The 24AA01T-I/MC is generally compatible with the 24LC01B in terms of memory size (1Kbit), I2C interface, and voltage range (1.7V–5.5V), but critical differences exist: the 24AA01T-I/MC has a faster maximum clock frequency (400 kHz vs. 100 kHz for some 24LC01B variants) and a different page write buffer size (8 bytes vs. 16 bytes). If your firmware assumes 16-byte page writes or relies on specific timing margins, you must update the I2C driver to handle 8-byte pages and verify ACK polling timing. Additionally, confirm the I2C address mapping matches—both use A2/A1/A0 pins, but layout parasitics in dense PCBs may require pull-up resistor tuning due to the 8-DFN package’s smaller footprint.
What are the risks of using the 24AA01T-I/MC in a battery-powered IoT node that wakes every 10 minutes to log data, given its 5ms write cycle time?

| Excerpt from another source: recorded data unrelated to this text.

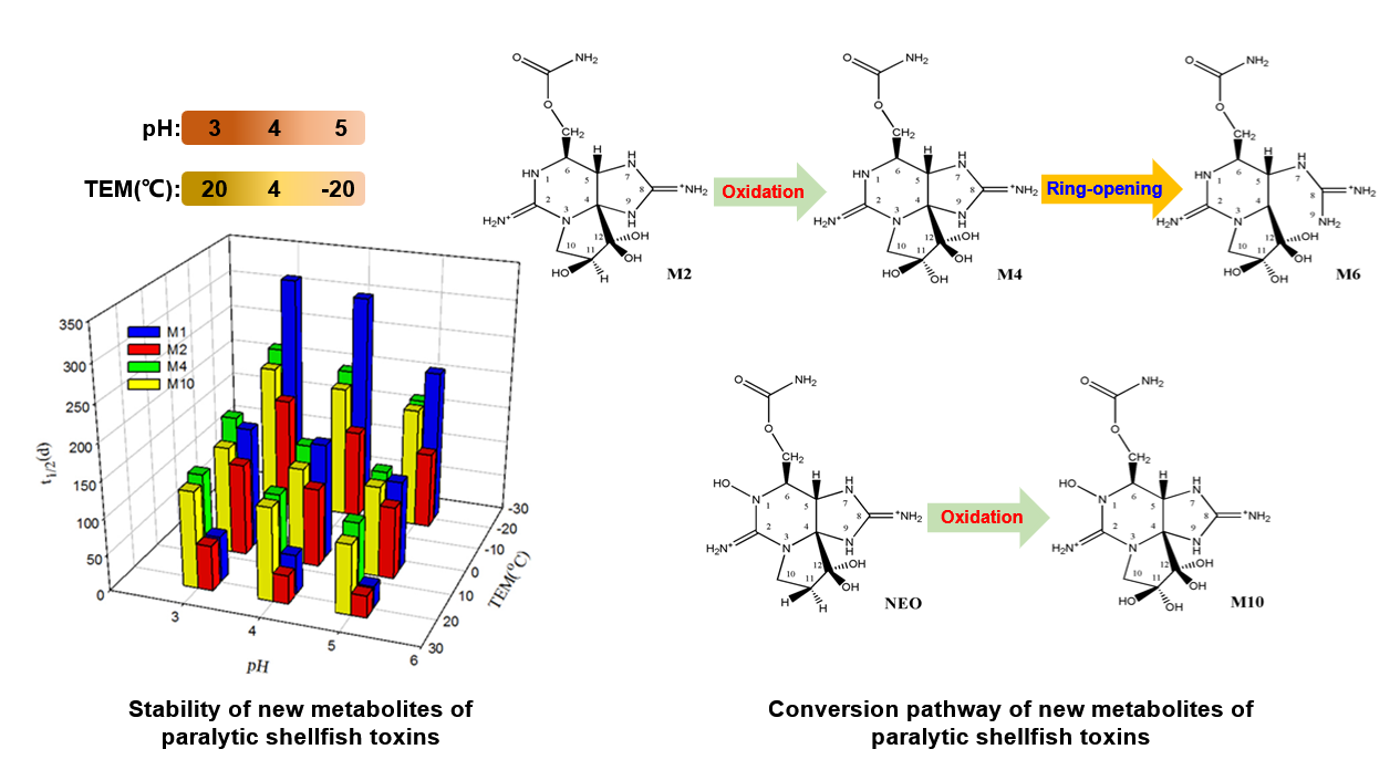 2020年2月5日,Journal of Agricultural and Food Chemistry发表题为“Conversion and stability of new metabolites of paralytic shellfish toxins under different temperature and pH conditions”的研究论文,证实了麻痹性贝毒新型衍生物M1→M3→M5、M2→M4→M6和NEO→M10的化学转化途径;发现实验条件下pH、温度越低,M-toxins越稳定;相比于PST常见组分,M-toxins的稳定性较差。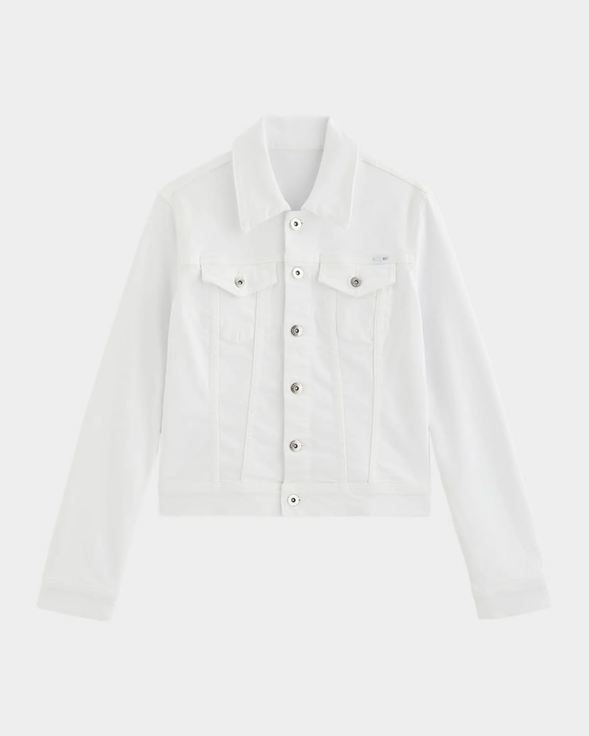 AG Jeans "Robyn" white denim jacket Point collar & nbsp; Long sleeves with button cuffs Dual chest pockets Classic fit Hem sits at the hip Button-front & nbsp; Cotton/polyester/elastane Imported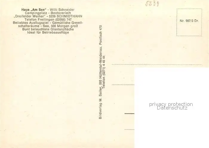 Schmidthahn Dreifelder Weiher Haus Am See Badestrand Schwaene Schmidthahn postalisch nicht gelaufen nach 1965 Erhaltung siehe scans [LiesaD40] LiesID40

The 5ms write cycle time of the 24AA01T-I/MC introduces a real risk of data loss if the MCU does not properly manage power sequencing or write completion. During low-power operation, if the system cuts power before the internal write completes (even after I2C STOP), the EEPROM may corrupt the targeted byte or page. Mitigate this by implementing a write-verification routine with retry logic, adding a small decoupling capacitor (100nF) near the VCC pin to sustain voltage during writes, and using the MCU’s brown-out detection to delay shutdown until writes finish. Also, consider wear leveling—frequent writes to the same address will exceed the 1 million write endurance limit faster than expected in long-life deployments.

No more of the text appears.